NMR analysis of the isolated compound was carried out using a 500 MHz Varian Unity Inova (Varian, Inc./Agilent Technologies) spectrometer. The 1H and 13C NMR chemical shifts were referenced to the residual solvent signals at δH/C 7.26/77 ppm relative to TMS.1D and 2D homonuclear NMR spectra were measured with standard Varian pulse sequences. Adiabatic GHSQCAD, GHMBCAD and ROESYAD spectra were recorded using CHEMPACK 7.2 pulse sequences (implemented in Varian Vnmrj 4.2 spectrometer software). Spectra were either processed with Vnmrj 4.2 or Spinworks 4.2.8 (Copyright 2017, K. Marat, University of Manitoba, Canada) The structure of 14-hydroxycostunolide was unambiguously identified by evaluation of all NMR spectra. Modeling of 14-hydroxycostunolide as a comparison to NMR results was performed with Chem3D Pro (Version 10, Cambridge Soft).
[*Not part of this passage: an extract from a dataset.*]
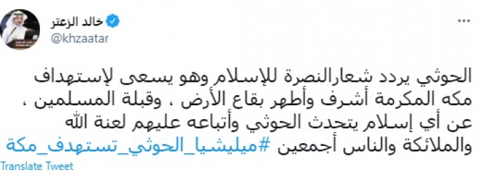 وقال في تغريدة عبر "تويتر" رصدها "المشهد العربي": "الحوثي يردد شعار النصرة للإسلام وهو يسعى لاستهداف مكه المكرمة أشرف وأطهر بقاع الأرض ، وقبلة المسلمين".

HPLC-DAD and LC-MS analysis

Extraction of transiently transformed Nicotiana benthamiana plants in methanol and yeast cultures with ethyl acetate was performed as previously described3,9. HPLC-DAD screening of yeast culture extracts and LC-MS analysis of extracts from transiently transformed Nicotiana benthamiana plants as well as synthetic adducts was performed as previously described3,10. LC-MS parameters for yeast enzyme analysis and comparison of synthetic adducts were: Agilent 1290 UHPLC with an Acquity CSHC18 column (1.7 um particle size, 150 mm × 2.1 mm) combined with a Q Exactive Plus (ThermoFisher Scientific) mass spectrometer. Solvent program: 10 min 10–70% B, 5 min 70–90% B, 1 min 90–10% B, 1 min 10% B; A: ddH2O/0.1% (v/v) FA, B: ACN/0.1%(v/v) FA; A/B: LC-MS-Grade; 0.3 ml/min, column temperature.: 40 °C. Q Exactive Plus mass spectrometer equipped with HESI-II probe. Polarity mode: Positive, Scan Mode: data-dependent MS/MS. Mass Range: 140–1200 amu for Full-MS. Ion source settings: Spray Voltage = 4.2 KV, Vaporizer = 380 °C, Ion Transfer Tube = 360 °C, S-Lens = 50%, Sheath Gas = 60, Auxiliary gas = 20, Resolution MS = 70,000 (FWHM at m/z 200), Resolution MS2 = 17,500 (FWHM at m/z 200), Stepped Collision Energy (NCE) = 20–30–40. Costunolide and parthenolide were purchased from a commercial supplier (Selleck Chemicals). The reference compound 14-hydroxycostunolide was provided by Dr. Rudi Fasan (University of Rochester). Cysteine and glutathione adducts of costunolide and 14-hydroxycostunolide were synthesized as previously described12.

Subgenomic localization, sequence alignment and phylogeny

The subgenomic localization of cytochrome P450 enzymes was analyzed with the genome browser tool provided by the compositae genome project (www.sunflowergenome.org). Amino acid sequences of candidate genes and characterized P450 enzymes were aligned using BioEdit (Version 7.2.5, IbisBiosciences) and a phylogeny was calculated with the neighbor-joining method with 1000 bootstraps in MEGA6.